Christmas Holiday (1944)
Christmas Holiday Photos
Critic Reviews for Christmas Holiday
Stylishly directed by Robert Siodmak, this film noir is uncharacteristic fare for both Deanna Durbin and Gene Kelly.
A sharp departure into salacious territory for sugar-and-spice star Deanna Durbin
Audience Reviews for Christmas Holiday
most depressing christmas movie ever tho it's kinda fun watching gene kelly play a killer
Deanna tries something different and does very well by it. This tough little noir was a film that she had insisted on doing to try and break away from the Mary Sunshine roles that were her stock in trade. It's lack of success at the box office kept Universal from letting her tackle different roles for the rest of her career and contributed to her retirement a few years after this, although she hated the movie business so even if it had been a smash she probably would have still called it quits. Her performance is strong as the "dance hall hostess/singer" who the film manages in roundabout ways to make clear is a prostitute.
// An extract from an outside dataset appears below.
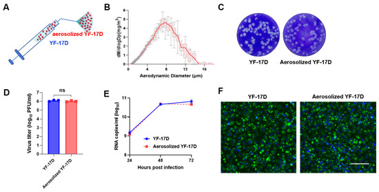 The 17D aerosol was collected in a 1.5-mL EP tube and centrifuged for 1 min at 8000 rpm for quantitative reverse transcription PCR (RT-qPCR), immunofluorescence staining, and plaque assays. Virus titer, replication curve, and protein expression were compared with the original solution.

One of the film's strengths is while of course they find a way to have Deanna sing her songbird is not singled out as special. Sure she sings much better than most roadside canaries but the patrons hardly break from what they're doing while she performs and her style is subdued almost beaten down, especially during Spring Will be a Little Late This Year. Her version of Always is achingly beautiful though full of hopelessness and despair. The picture is also fortunate to have two outstanding character actresses among the cast, Gale Sondergaard reserved and conflicted as the no account Kelly's mother and the great and underappreciated Gladys George in her typical role of the been around goodhearted but tough owner of the joint where Deanna has landed. Where the film is weakest is in the male cast members. Richard Whorf is good as the huckster for the road house who pulls Dean Harens into Deanna's sphere where he learns her sad tale but Harens while not bad doesn't really make much of an impression on screen. He is just a catalyst for the actual story to kick in so his blandness doesn't hurt the picture. That only leaves Gene Kelly who again while not bad is the wrong actor for the part. His glib facileness suits the lout he's playing but there is no underlying menace to his personality that would have punched the innate danger of the character across, John Garfield would have been ideal and taken the film from being good, which it is, to extraordinary which it just misses. Still well worth seeking out.